In October 2016, Neil Warnock was appointed first team manager of Cardiff. Warnock took over the team with Cardiff second from the bottom of the table after two wins from eleven games, and guided the side to a 12th-placed finish after a good run of form. The start of the 2017–18 season saw Cardiff break a club record by winning their opening three league games of a season, the first time in the club's 107-year professional history. They proceeded to clinch promotion to the Premier League after finishing second in the table. However, they were relegated back to the Championship after a single season.

Warnock resigned as manager in November 2019 following a poor start to the season and was replaced by Neil Harris. Harris guided Cardiff to a 5th-placed finish before suffering defeat in the Championship playoff semi-final. After a run of six straight defeats, Harris was sacked on 21 January 2021, beginning a chain of short-term hirings. His replacement, Mick McCarthy, was appointed the following day, but was relieved of his duties less than a year later with the side 2 points above relegation. The club's under–23 manager Steve Morison was appointed as caretaker manager before signing an 18-month contract after guiding the Bluebirds to safety. Morrison was sacked in September 2022 and replaced by Mark Hudson, who lasted only four months in the role before he too was dismissed in January 2023.

In December 2022, Cardiff City was issued with a transfer embargo by FIFA, which was lifted in January 2023. The club also appealed against an embargo from the English Football League which prevented it paying fees for players until May 2024.

In March 2023, Cardiff City reported an operating loss of £29 million for the 2021–22 season.
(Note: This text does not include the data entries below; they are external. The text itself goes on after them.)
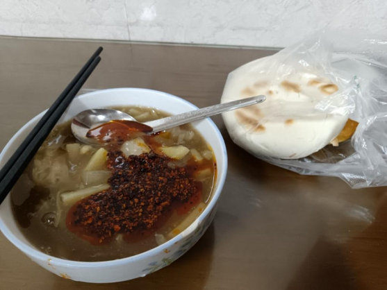 几家牛肉饼店面前都排起了长队。想必这些店铺都是本地人遴选过后的精华吧。我随意挑了一家店,要来一碗肉粒胡辣汤就着白馍吃,美美的一勺油泼辣子!手上提着茉莉冰豆浆和牛肉饼,好巴适!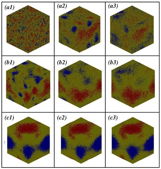 3D networks constructed using a Monte Carlo method. Random exchanges of sites and bonds cause changes in configurations. Large pores (sites and bonds) are in red, medium-sized pores are in yellow, and tiny pores are in blue. (a1,a2,a3) correspond to (NA-1, NA-8, NA-12), respectively, (b1,b2,b3) represent (NB-1, NB-8, NB-12), respectively, and (c1,c2,c3) are (NC-1, NC-8, NC-12), respectively.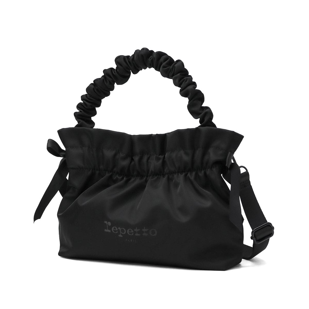 くしゅっとしたハンドルとサイドリボンが愛らしいミニバッグ。取り外し可能なストラップ付きで、ハンドバッグ・ショルダーバッグになる便利な2WAY仕様です。フロントにはさりげなくロゴをあしらい、デザインのアクセントに。おしゃれなお出かけスタイルが完成するアイテムです。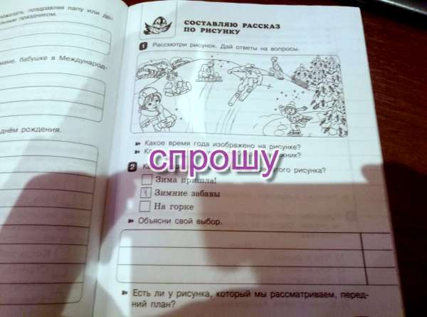 1)Мой выбор пал на вариант «Зимние забавы» из-за разных занятий людей на этой картинке и из-за лыжников понятно,что это зима.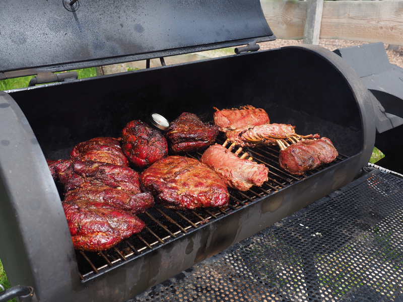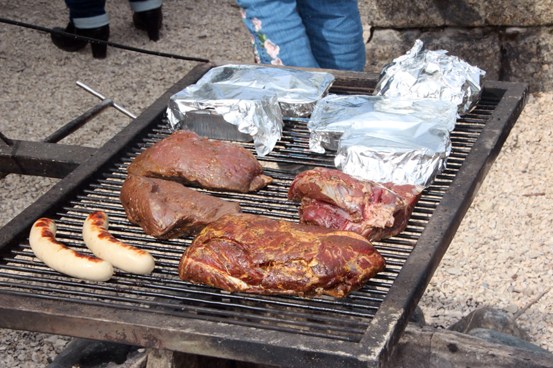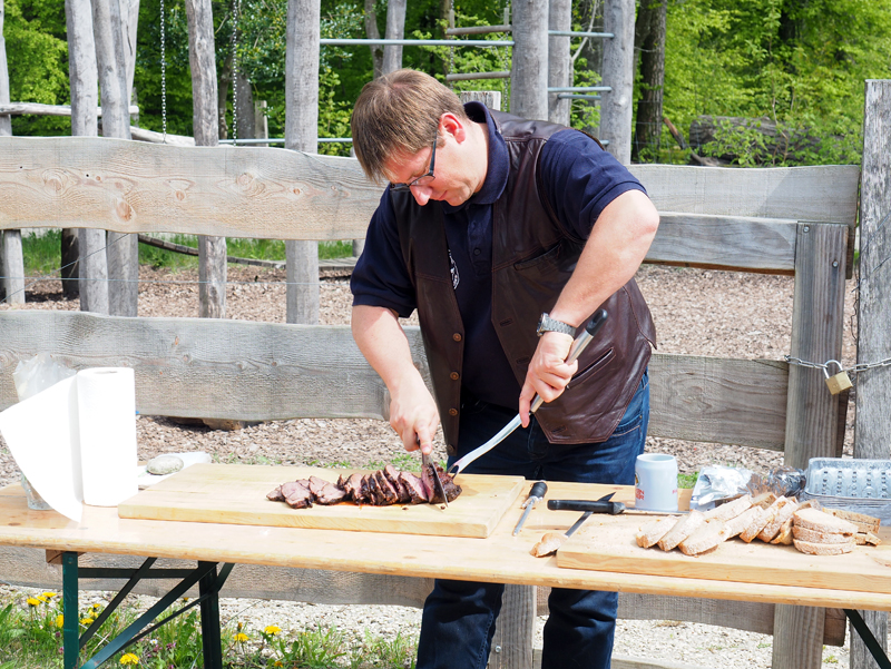 Bereits seit 11 Uhr steht die Crew am Grill, um die Wildsau mundgerecht zu garen.

In June 2023, Erol Bulut was appointed as Cardiff manager. However, in September 2024, he was sacked, as Cardiff started the 2024/2025 Championship Season with six consecutive winless games. His replacement (and previous assistant manager), Omer Riza, lasted until April 2025. After this, Aaron Ramsey took charge on an interim basis until the end of the season. Later on, in April 2025, Cardiff City got relegated to League One. This led to the Supporters' Trust calling for an urgent meeting with Vincent Tan, saying "big changes are needed... to avoid a further downward spiral in the fortunes of the club" in an official statement.

==Supporters==
Cardiff has a large catchment area from which to draw its supporter base. With only two professional teams (Swansea City and Newport County) sharing the South Wales region, the club enjoys considerable support from both the city of Cardiff and the surrounding South Wales Valleys. As a Welsh club playing in the English football league system, national identity is believed to be a major factor in fan support, and some of the club's matches are considered to be Welsh cross-border rivalries with England. During the 1980s, as the club struggled in the lower divisions of English football, crowds dropped to an average of 3,000 per match. An increase in the club's fortunes saw a steady improvement in crowd numbers. The average attendance at home matches rose from 3,594 to 12,522 between 1997 and 2002. Promotion to the second tier in 2003 brought further increases in numbers. The opening of the Cardiff City Stadium led to average attendances reaching 20,000 fans, culminating with highs of between 28,000 and 31,000 during two seasons in the Premier League. Despite this increase, the club has often been regarded as attracting fewer spectators than similarly placed teams. This has been attributed to several factors such as the club's controversial change to red shirts between 2012 and 2015—some supporters being perceived as fairweather fans, and a lack of atmosphere.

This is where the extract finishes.